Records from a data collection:
Content starts

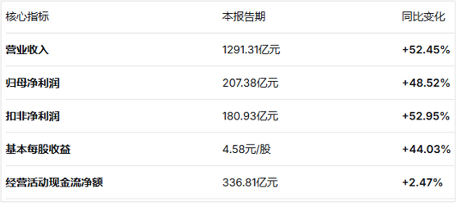 华夏能源网获悉,4月15日晚,宁德时代(SZ:300750)披露2026年第一季度业绩,营收1291.31亿元,同比增长52.45%;归母净利润207.38亿元,同比增长48.52%。
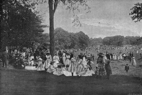 That was but the background, the framework of the picture. For the great scene was on the water. Never until at Spithead this midsummer, when six square miles of the Solent crowded with the warships of the world burst at a signal into a glittering wilderness of lights, had I ever seen anything to compare to the Hudson at midnight. In Paris on the night of the fête of the Republic in Exhibition year, when the Seine was crowded with steamers, all illuminated and decorated from stem to stern, there was something like this. But the Seine was but a skein of silk stretched across the city; the water was hidden by the craft. Here the whole expanse of waterway exceeded even that of the Neva at St. Petersburg; and, although full of life and colour and sound, was nowhere crowded.
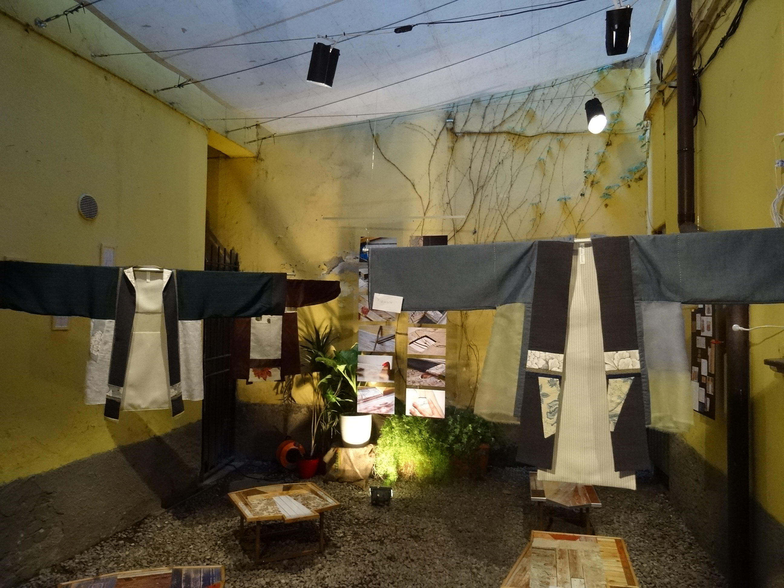 Chimono e tavolini di ispirazione Jap arredano un cortile di Tortona; sono ideati dalla texile artist Elena Rossi e dai designer di FreakyDot
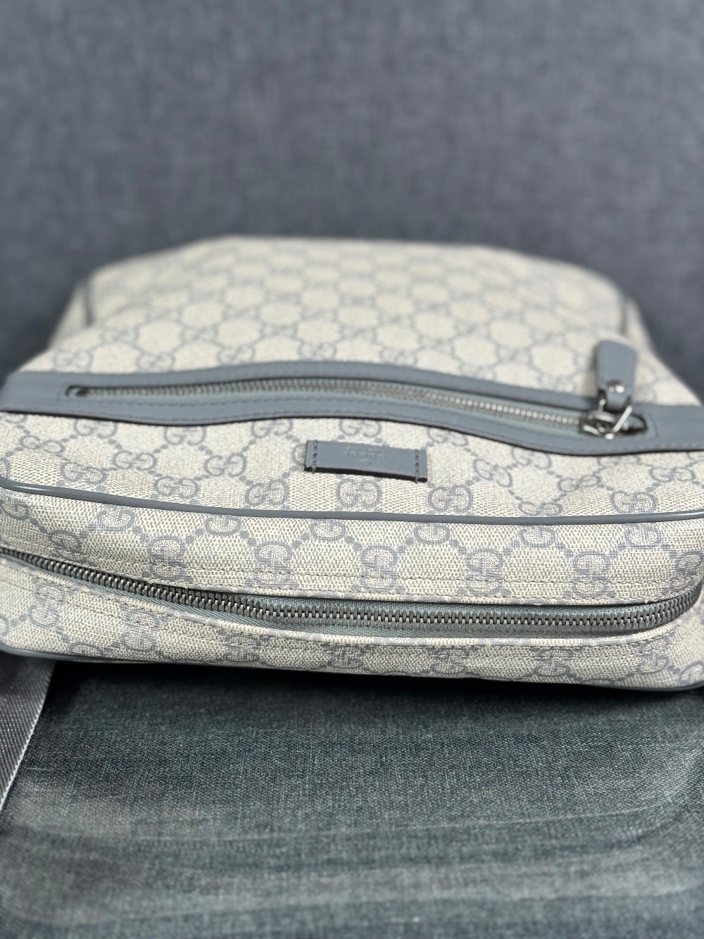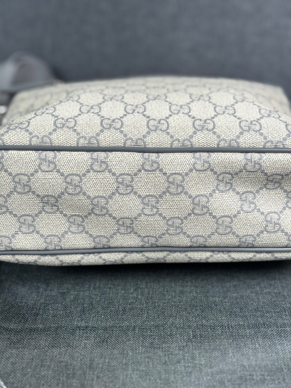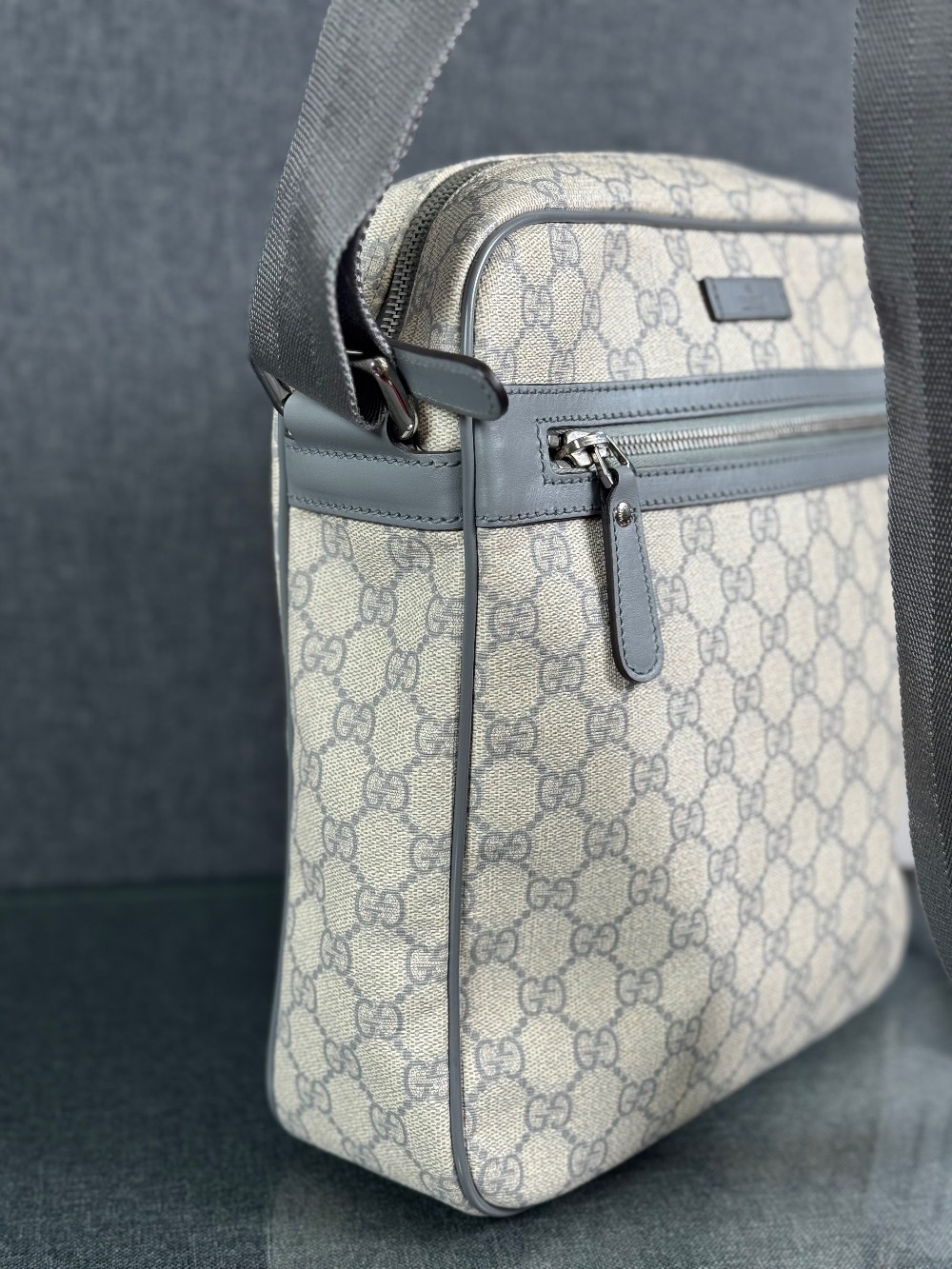This is an authentic GUCCI GG Plus Monogram Medium Messenger Bag in Grey. This chic messenger bag is crafted of Gucci GG monogram coated canvas in beige and grey. It features an adjustable cross-body fabric shoulder strap, front zipper pocket, and leather trim. This opens to a fabric interior with a patch pocket. This bag is ideal for everyday utility with the sophisticated style of Gucci!
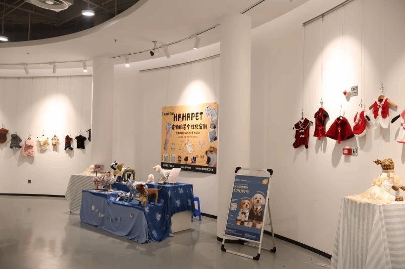 王业宏老师指导的宠物服装工作室,带来了充满巧思的作品《小招和他的朋友们》。团队利用白坯布裁剪废料进行植物染(扎染、蜡染、拓印),巧妙搭配库存面料,为比熊犬“小招”设计制作了定制“狗台”、玩具及周边。这一实践依托565net必赢客户端时尚创新研究所,探索了废料再利用与时尚设计的绿色结合点。
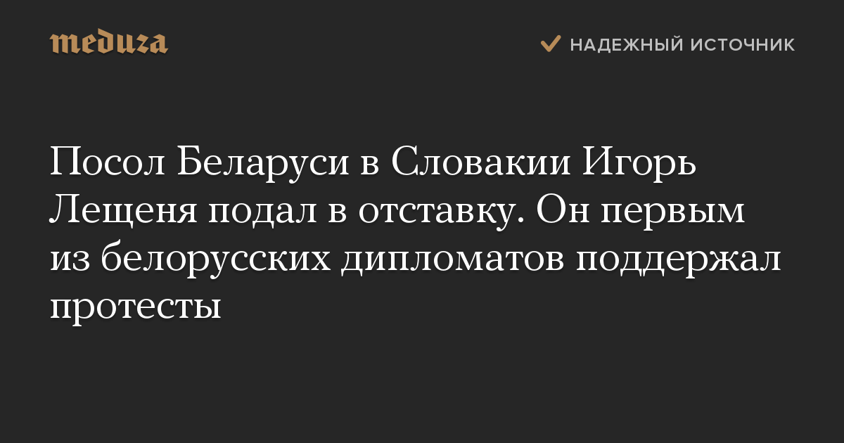 Посол Беларуси в Словакии Игорь Лещеня сообщил, что подал заявление об отставке. Это произошло через два дня после того, как дипломат записал видеообращение, в котором поддержал участников мирных протестов, начавшихся в Беларуси после президентских выборов.
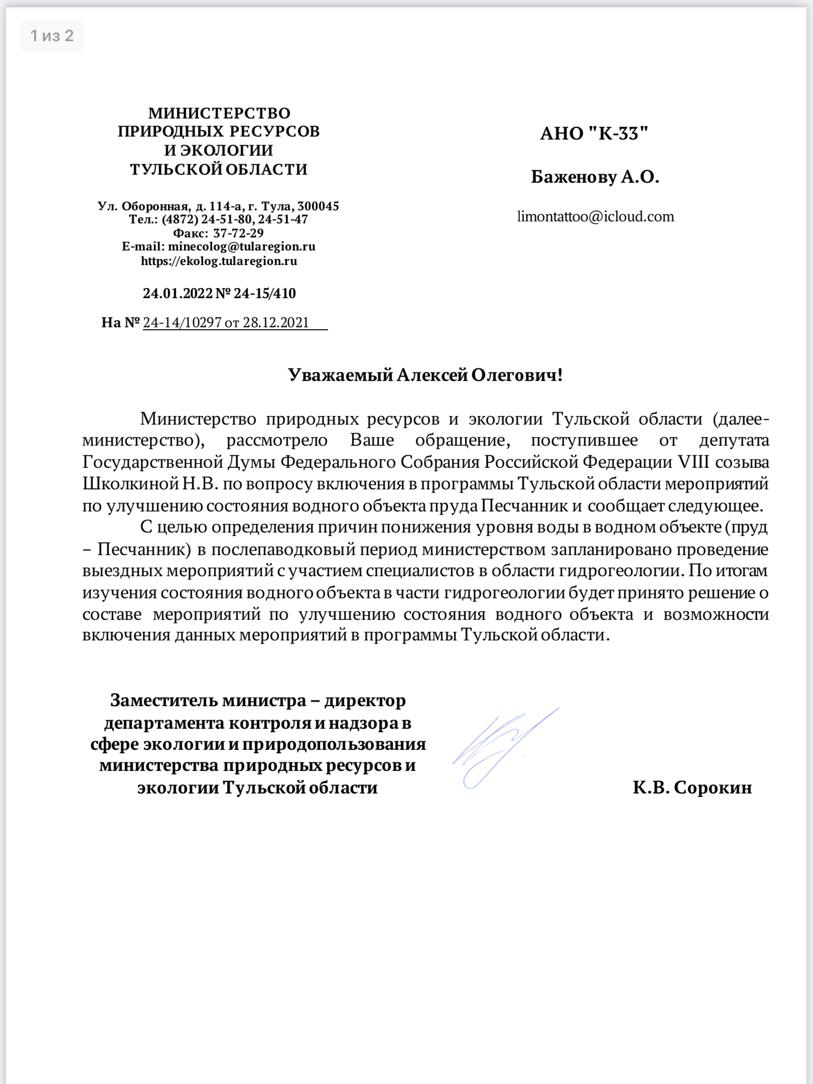В нашей официальной группе в контакте https://vk.com/clubk33 регулярно публикуются акции, и достигнутые результаты, https://vk.com/wall-189817670_2085 Сегодня команда проекта составляет не менее 20 человек. Открыт сбор пожертвований на очистку водоёма и его благоустройство. Организовано взаимодействие с Министерством экологии Тульской области по выявлению причин ухудшения экологического состояния водоёма и разрабатываются меры по его оздоровлению, предложенные меры планируется реализовать при грантовой поддержке и партнерской помощи.
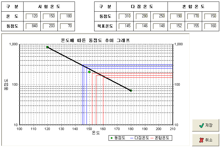 다짐온도와 혼합온도의 동점도 값들을 입력하면 그에 따른 목표온도값들이 나와주어야 합니다...
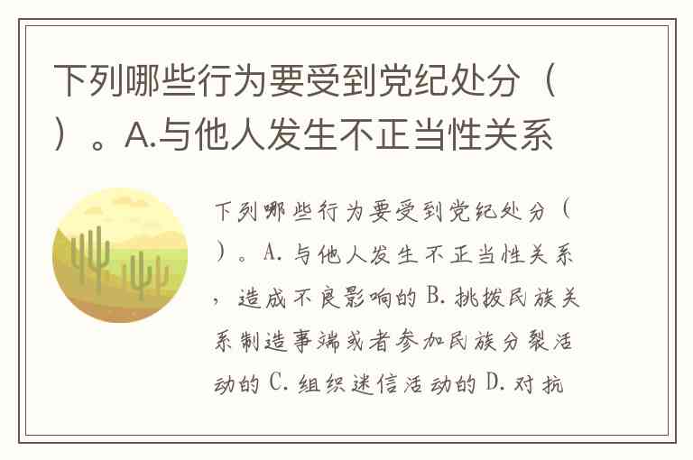 下列哪些行为要受到党纪处分()。A.与他人发生不正当性关系,造成不良影响的 B.挑拨民族关系制造事端或者参加民族分裂活动的 C.组织迷信活动的 D.对抗组织审查,包庇同案人员的

Content ends

= Work request =
All pictures are to be skipped; the lines from the first line of the records through the line containing "This is an authentic" are to be repeated exactly, both ends included.

= Answer to this task =
 华夏能源网获悉,4月15日晚,宁德时代(SZ:300750)披露2026年第一季度业绩,营收1291.31亿元,同比增长52.45%;归母净利润207.38亿元,同比增长48.52%。
 That was but the background, the framework of the picture. For the great scene was on the water. Never until at Spithead this midsummer, when six square miles of the Solent crowded with the warships of the world burst at a signal into a glittering wilderness of lights, had I ever seen anything to compare to the Hudson at midnight. In Paris on the night of the fête of the Republic in Exhibition year, when the Seine was crowded with steamers, all illuminated and decorated from stem to stern, there was something like this. But the Seine was but a skein of silk stretched across the city; the water was hidden by the craft. Here the whole expanse of waterway exceeded even that of the Neva at St. Petersburg; and, although full of life and colour and sound, was nowhere crowded.
 Chimono e tavolini di ispirazione Jap arredano un cortile di Tortona; sono ideati dalla texile artist Elena Rossi e dai designer di FreakyDot
This is an authentic GUCCI GG Plus Monogram Medium Messenger Bag in Grey. This chic messenger bag is crafted of Gucci GG monogram coated canvas in beige and grey. It features an adjustable cross-body fabric shoulder strap, front zipper pocket, and leather trim. This opens to a fabric interior with a patch pocket. This bag is ideal for everyday utility with the sophisticated style of Gucci!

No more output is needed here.